INS PROBES BABY
SELLING IN CAMBODIA
Copyright 2002 www.independent.co.uk
[ April 22nd 2002 ]
Howard
Kirk returned to Texas from Cambodia last week
without the little boy he and his wife hope to
adopt. Kirk had spent nearly a week with little
Sara taking in the sights and talking with the
American Embassy. But he and his wife were unable
to get the U.S. visa they needed to take the youngster
home to Gainesville, Texas.
The Kirks
are in the same fix as 400 to 500 other American
families, including Hollywood stars Billy Bob
Thornton and Angelina Jolie. In late December,
the Immigration and Naturalization Service stopped
granting visas for adoptive children from Cambodia
because of baby-selling allegations. A U.S.-Cambodian
task force is investigating, going from orphanage
to orphanage.
In the
past few weeks, the INS started granting visas
to the 120 families like the Kirks who had been
issued adoption decrees in Cambodia before the
ban. The agency said it hopes to clear those cases
by the end of April.
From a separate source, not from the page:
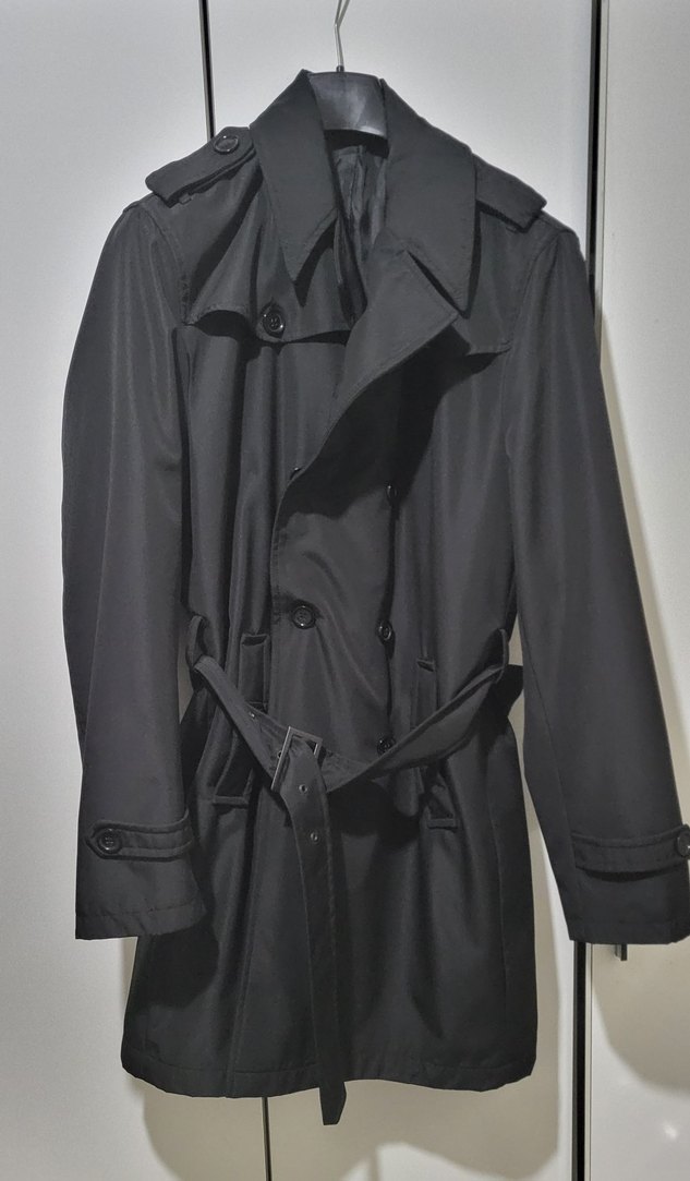 Siyah renkli midi boy, kemerli trençkot, notched lapel yakalı ve askılı kolludur. Sentetik kumaştan üretilmiş, günlük sokak stiline uygun, rahat kesimdir.

But the INS has yet to decide
what to do with the hundreds of other cases. "I'm
glad they're finally moving, but this has been
unconscionably long," said Rep. Chris Smith, R-N.J.
He added: "For a newborn and for parents, every
day is a new challenge, a new milestone in a child's
life."
Joann
Cleland, a kindergarten teacher from Manahawkin,
N.J., is worried about the 22-month-old she calls
Patrick, who was hospitalized this month in Cambodia
after contracting dengue fever. Cleland does not
have an adoption decree and has been lobbying
for a medical waiver. "He's going to be susceptible
to so many other illnesses in the orphanage. We
need to get him home to get him to an American
doctor," Cleland said.
In fiscal
year 2001, Americans adopted 19,237 foreign children,
407 of them from Cambodia, the 10th-ranked source
country. China and Russia topped the list with
more than 4,681 and 4,279 adoptions, respectively.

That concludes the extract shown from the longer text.